Em última análise, o posicionamento da Encíclica Magnifica Humanitas representa o reconhecimento de que a missão evangelizadora foi, em muitos momentos, subjugada pelos poderes mundanos, servindo como a infraestrutura ideológica para a espoliação colonial. Ao admitir que a dignidade humana não pode ser justificada pelo desempenho ou utilidade, Leão XIV desafia o paradigma tecnocrático e retoma o humanismo cristão como um contraponto à lógica da mercadoria.

Esse ato de memória e reconciliação é, portanto, um passo fundamental para que a técnica e a economia sejam reorientadas para o bem comum, rejeitando a construção de novas torres de Babel em favor de uma convivência fraterna e justa na contemporaneidade. Ainda que, se julgue necessária a existência de atos mais incisivos e compensatórios ante o histórico de práticas que lesaram a dignidade da pessoa humana no processo de expansão da lógica colonial/capitalista no sistema-mundo.

Referências

BALIBAR, Étienne; WALLERSTEIN, Immanuel. Raça, nação, classe: as identidades ambíguas. Tradução de Wanda Caldeira Brant. 1. ed. São Paulo: Boitempo, 2021.
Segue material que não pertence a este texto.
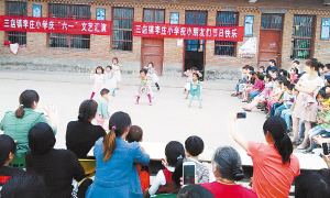 左圖 兒童節(jié)前夕,項(xiàng)城市積極組織小學(xué)、幼兒園開(kāi)展慶“六一”活動(dòng),讓小朋友享受更多的歡樂(lè)和溫暖。圖為三店鎮(zhèn)李莊小學(xué)的孩子正在表演節(jié)目。(張永久 攝)
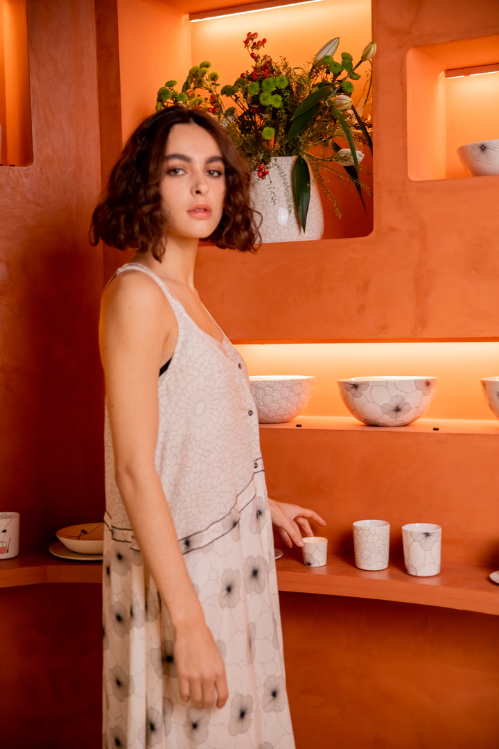 The Java iconic dress is back with a delicate pattern and a flowy fall. Suitable for all body type, it can be worn with ease. The dress is designed in an airy, soft sandstone fabric that echoes summer and vacation. In an impressive Flower print that balances perfectly the complexity of the geometric shapes of the Dryness print, this piece is ideal for summer hottest days.
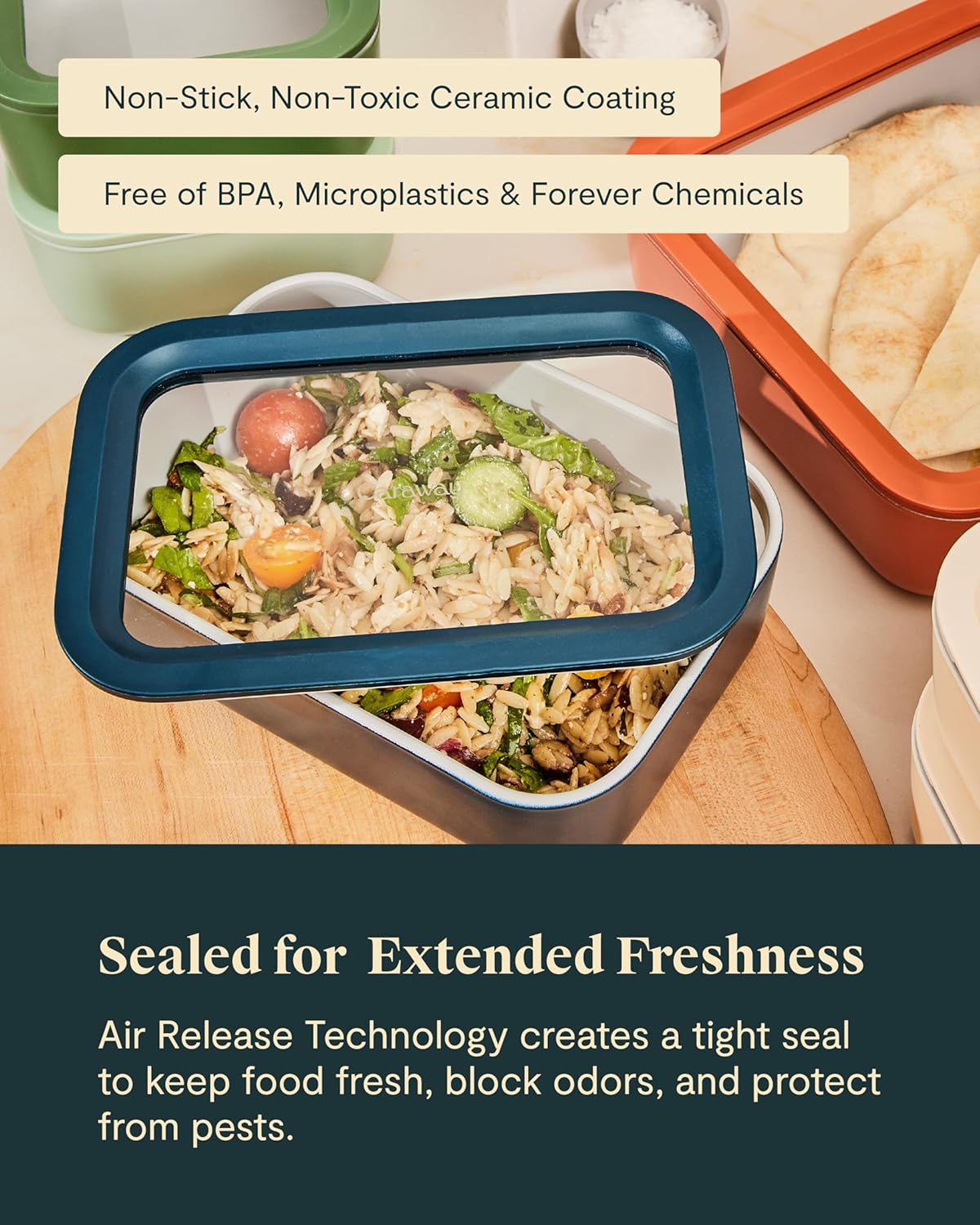 BEAUTIFULLY DESIGNED: The cleanest, best-looking approach to storing your food. Our glass container features a clear glass lid for easy viewing Each container comes in modern colors that will match with your entire Caraway collection.

LEÃO XIV, Papa. Carta Encíclica Magnifica Humanitas: sobre a salvaguarda da pessoa humana na era da Inteligência Artificial. Roma: Santa Sé, 15 de maio de 2026.

RODRIGUES, Aryon Dall’lgna. Línguas Brasileiras: para o conhecimento das línguas indígenas. São Paulo: Edições Loyola, 1986.

WALLERSTEIN, Imannuel. O Universalismo Europeu: a retórica do poder. Tradução de Beatriz Medina. São Paulo: Boitempo, 2007.